§ Directions: Repeat the stretch of entries below from the line with "El encuentro, que" through the line with "Welcome to our". Include both ends and add nothing.

§ The input:
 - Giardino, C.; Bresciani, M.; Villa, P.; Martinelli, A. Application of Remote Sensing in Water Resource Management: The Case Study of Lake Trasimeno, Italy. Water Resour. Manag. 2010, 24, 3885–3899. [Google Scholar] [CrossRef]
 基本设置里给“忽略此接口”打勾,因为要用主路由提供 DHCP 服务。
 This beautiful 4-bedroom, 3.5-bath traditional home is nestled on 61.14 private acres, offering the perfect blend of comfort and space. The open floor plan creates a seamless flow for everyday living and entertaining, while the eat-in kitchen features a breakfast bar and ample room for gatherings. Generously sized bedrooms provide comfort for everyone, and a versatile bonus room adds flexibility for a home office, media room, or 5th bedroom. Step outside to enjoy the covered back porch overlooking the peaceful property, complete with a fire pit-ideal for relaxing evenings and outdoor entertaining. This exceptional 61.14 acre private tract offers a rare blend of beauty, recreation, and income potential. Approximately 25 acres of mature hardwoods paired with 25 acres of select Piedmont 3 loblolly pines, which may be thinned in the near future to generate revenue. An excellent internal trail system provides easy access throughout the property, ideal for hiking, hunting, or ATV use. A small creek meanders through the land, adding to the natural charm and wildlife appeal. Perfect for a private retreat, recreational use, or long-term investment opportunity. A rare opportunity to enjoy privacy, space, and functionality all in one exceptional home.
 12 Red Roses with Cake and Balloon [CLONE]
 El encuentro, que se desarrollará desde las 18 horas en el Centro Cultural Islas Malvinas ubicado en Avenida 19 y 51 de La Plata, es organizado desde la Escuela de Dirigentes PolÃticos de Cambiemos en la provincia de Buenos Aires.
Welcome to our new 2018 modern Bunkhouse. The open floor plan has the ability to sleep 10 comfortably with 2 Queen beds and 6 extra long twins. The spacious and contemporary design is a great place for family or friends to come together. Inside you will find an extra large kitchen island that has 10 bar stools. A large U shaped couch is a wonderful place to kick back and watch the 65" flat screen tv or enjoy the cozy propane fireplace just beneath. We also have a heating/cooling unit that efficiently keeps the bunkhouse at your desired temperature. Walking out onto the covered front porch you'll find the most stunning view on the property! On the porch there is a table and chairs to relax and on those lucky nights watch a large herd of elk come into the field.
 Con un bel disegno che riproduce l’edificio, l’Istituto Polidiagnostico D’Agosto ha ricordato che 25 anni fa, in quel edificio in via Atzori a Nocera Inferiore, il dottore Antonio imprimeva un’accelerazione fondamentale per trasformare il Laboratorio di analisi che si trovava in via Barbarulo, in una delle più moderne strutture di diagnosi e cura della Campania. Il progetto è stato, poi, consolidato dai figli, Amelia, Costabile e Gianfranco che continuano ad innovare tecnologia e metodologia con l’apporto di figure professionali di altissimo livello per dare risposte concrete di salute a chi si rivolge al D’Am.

==

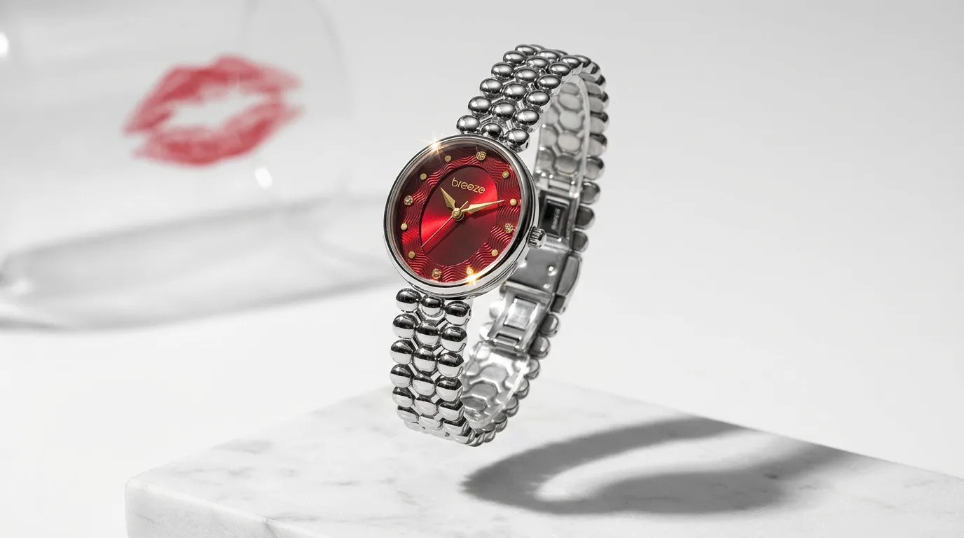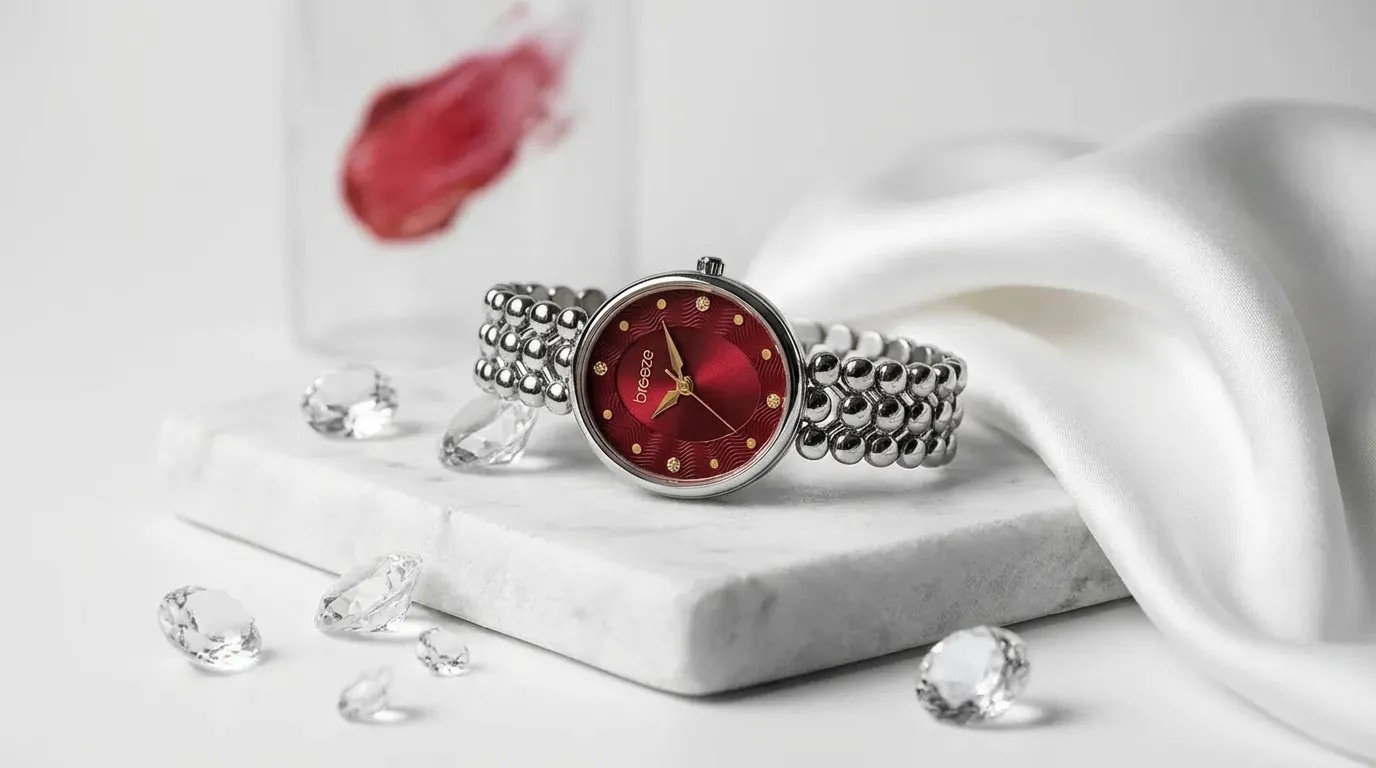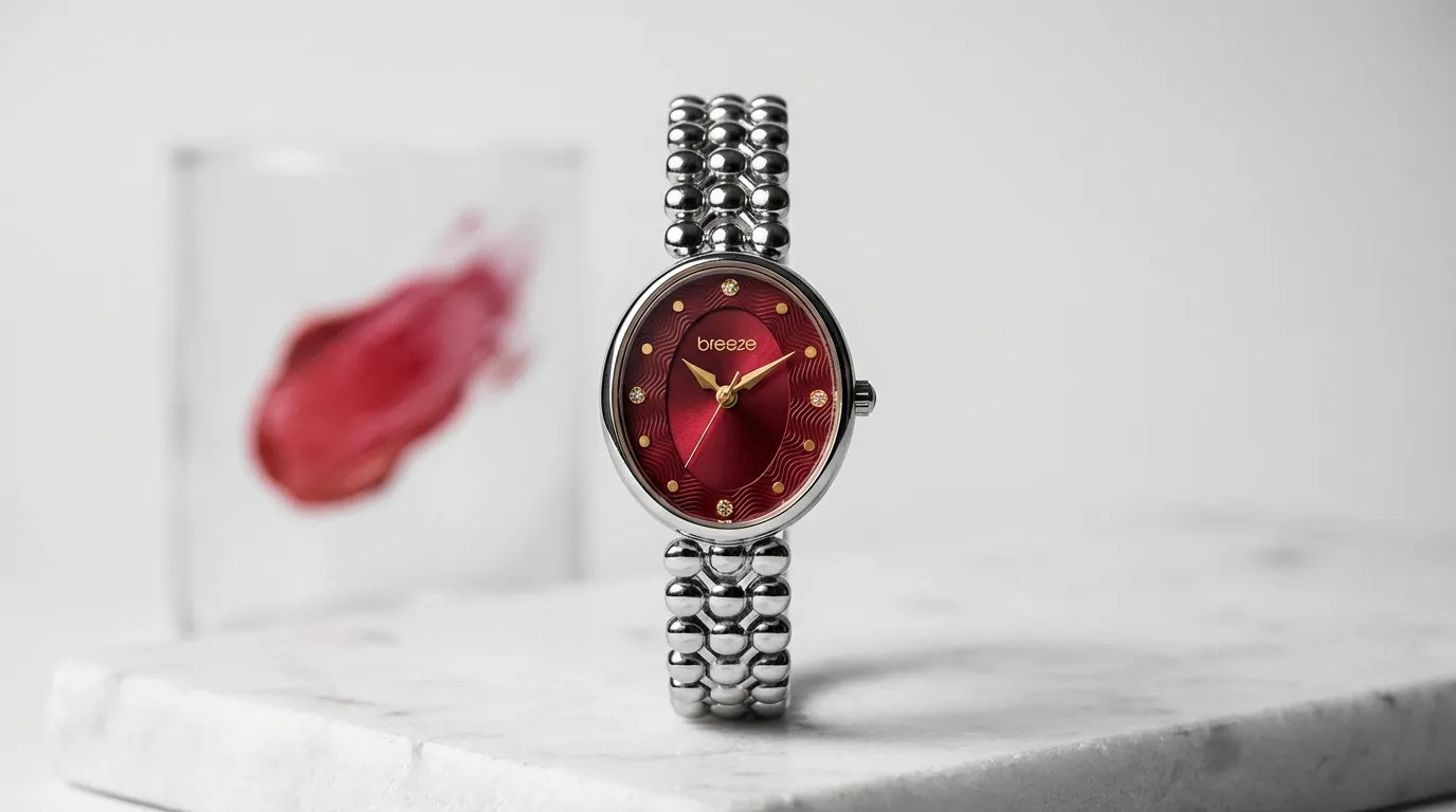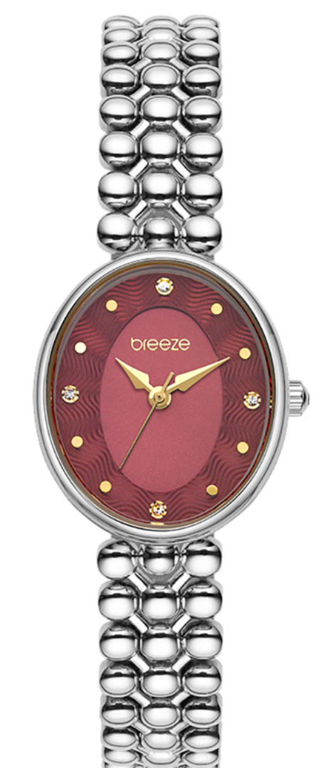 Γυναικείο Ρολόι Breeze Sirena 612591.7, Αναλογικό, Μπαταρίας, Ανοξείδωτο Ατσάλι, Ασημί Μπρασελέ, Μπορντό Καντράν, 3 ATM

§ Response area:
 El encuentro, que se desarrollará desde las 18 horas en el Centro Cultural Islas Malvinas ubicado en Avenida 19 y 51 de La Plata, es organizado desde la Escuela de Dirigentes PolÃticos de Cambiemos en la provincia de Buenos Aires.
Welcome to our new 2018 modern Bunkhouse. The open floor plan has the ability to sleep 10 comfortably with 2 Queen beds and 6 extra long twins. The spacious and contemporary design is a great place for family or friends to come together. Inside you will find an extra large kitchen island that has 10 bar stools. A large U shaped couch is a wonderful place to kick back and watch the 65" flat screen tv or enjoy the cozy propane fireplace just beneath. We also have a heating/cooling unit that efficiently keeps the bunkhouse at your desired temperature. Walking out onto the covered front porch you'll find the most stunning view on the property! On the porch there is a table and chairs to relax and on those lucky nights watch a large herd of elk come into the field.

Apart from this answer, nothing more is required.